* Your task:
Leaving out the images, repeat all the lines below exactly.

[Source data — start]

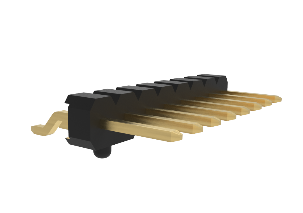 Board mount – Header Plug – Pin Header 2.54mm Pitch Right Angle,SMT,1x8Pin,Gold Flash,NY6T,With Located Post
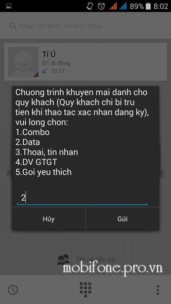 Lúc này, hệ thống sẽ đưa ra danh sách các gói cước mà thuê bao được hưởng, nếu đồng ý đăng ký, bấm số tương ứng với gói cước đó và bấm Gửi, còn nếu không bấm 0 để quay lại hoặc 00 để về Menu.
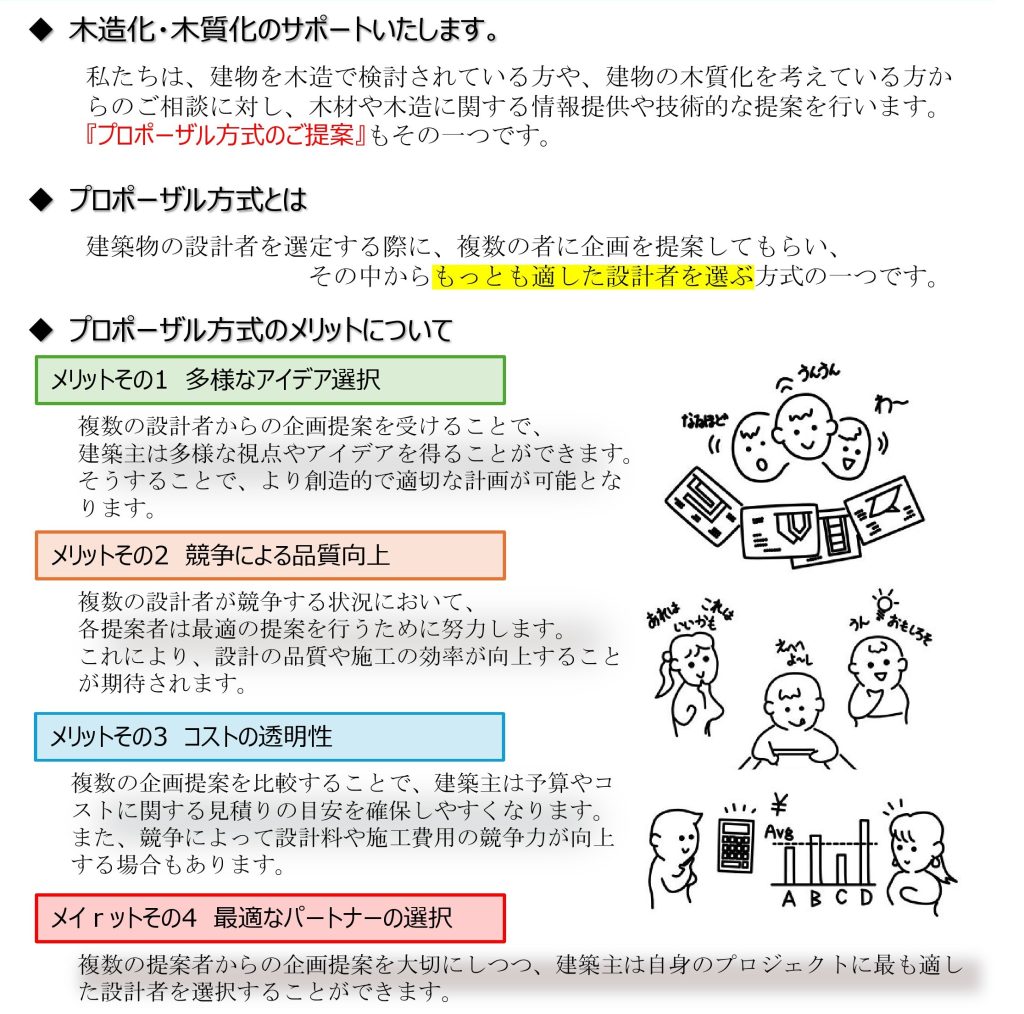 木の特性を活かした、環境や用途に相応しい木造建物を実現することで、木の良さをアピールし、木造建築の普及・啓発に努めていきます。

[Source data — finish]

* Your solution:
 Board mount – Header Plug – Pin Header 2.54mm Pitch Right Angle,SMT,1x8Pin,Gold Flash,NY6T,With Located Post
 Lúc này, hệ thống sẽ đưa ra danh sách các gói cước mà thuê bao được hưởng, nếu đồng ý đăng ký, bấm số tương ứng với gói cước đó và bấm Gửi, còn nếu không bấm 0 để quay lại hoặc 00 để về Menu.
 木の特性を活かした、環境や用途に相応しい木造建物を実現することで、木の良さをアピールし、木造建築の普及・啓発に努めていきます。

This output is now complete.